Requirement ▸
Leave out every picture and set down, exactly, the lines below from the one holding "Landon Chews a Stogie, and assails New Deal" up to and including the one holding "Swing away for improved access.".

Information given ▸
=-=-=

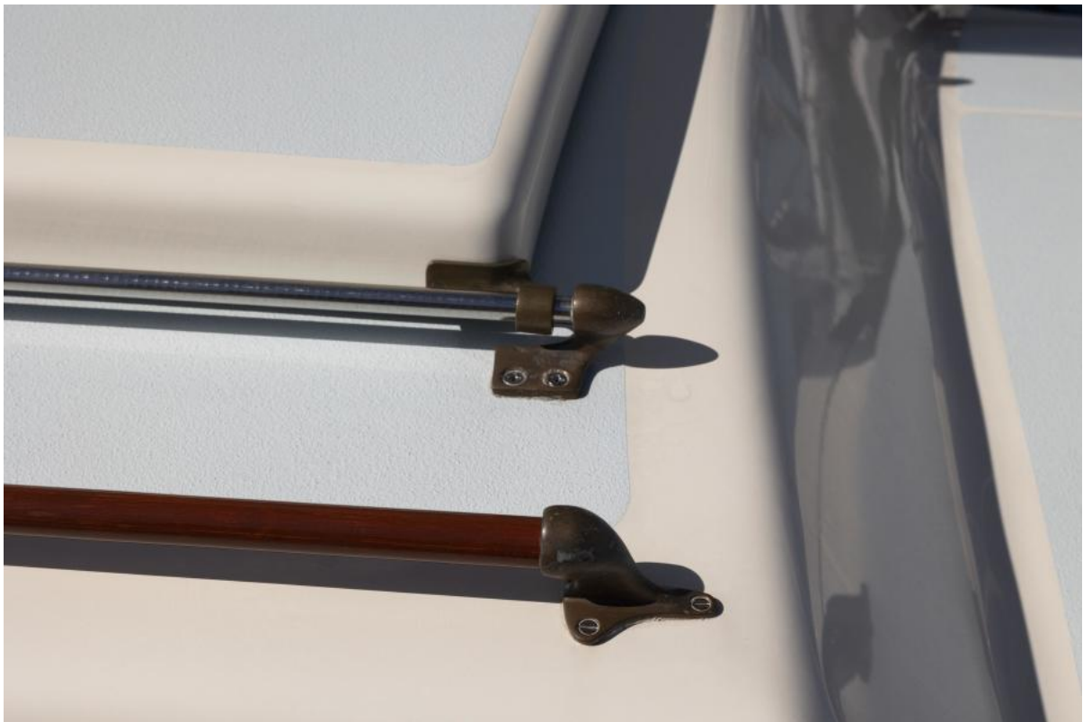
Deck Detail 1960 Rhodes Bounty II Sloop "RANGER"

=-=-=

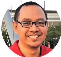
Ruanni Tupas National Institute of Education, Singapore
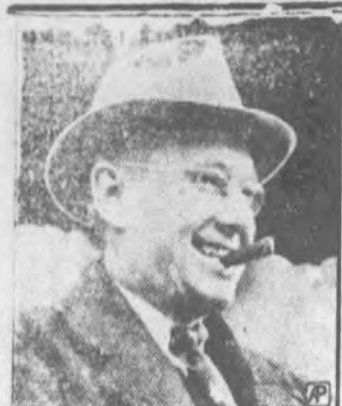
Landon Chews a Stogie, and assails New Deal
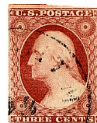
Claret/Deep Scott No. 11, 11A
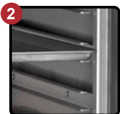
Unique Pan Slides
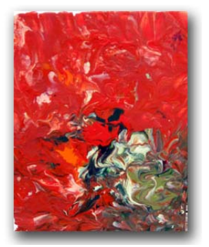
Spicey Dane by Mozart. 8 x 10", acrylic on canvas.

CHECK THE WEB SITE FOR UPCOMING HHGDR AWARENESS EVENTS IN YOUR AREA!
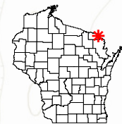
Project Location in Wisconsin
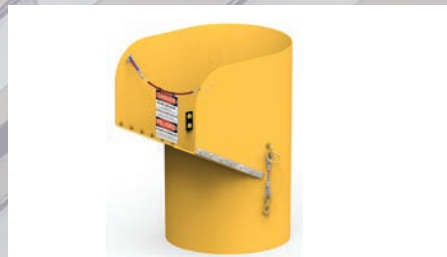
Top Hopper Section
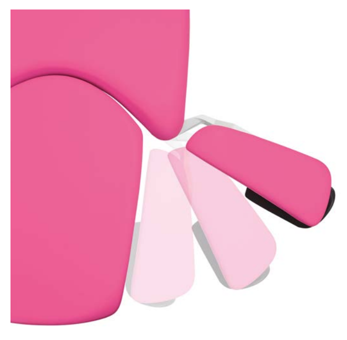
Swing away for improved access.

=-=-=

Output for this exercise ▸
Landon Chews a Stogie, and assails New Deal
Claret/Deep Scott No. 11, 11A
Unique Pan Slides
Spicey Dane by Mozart. 8 x 10", acrylic on canvas.

CHECK THE WEB SITE FOR UPCOMING HHGDR AWARENESS EVENTS IN YOUR AREA!
Project Location in Wisconsin
Top Hopper Section
Swing away for improved access.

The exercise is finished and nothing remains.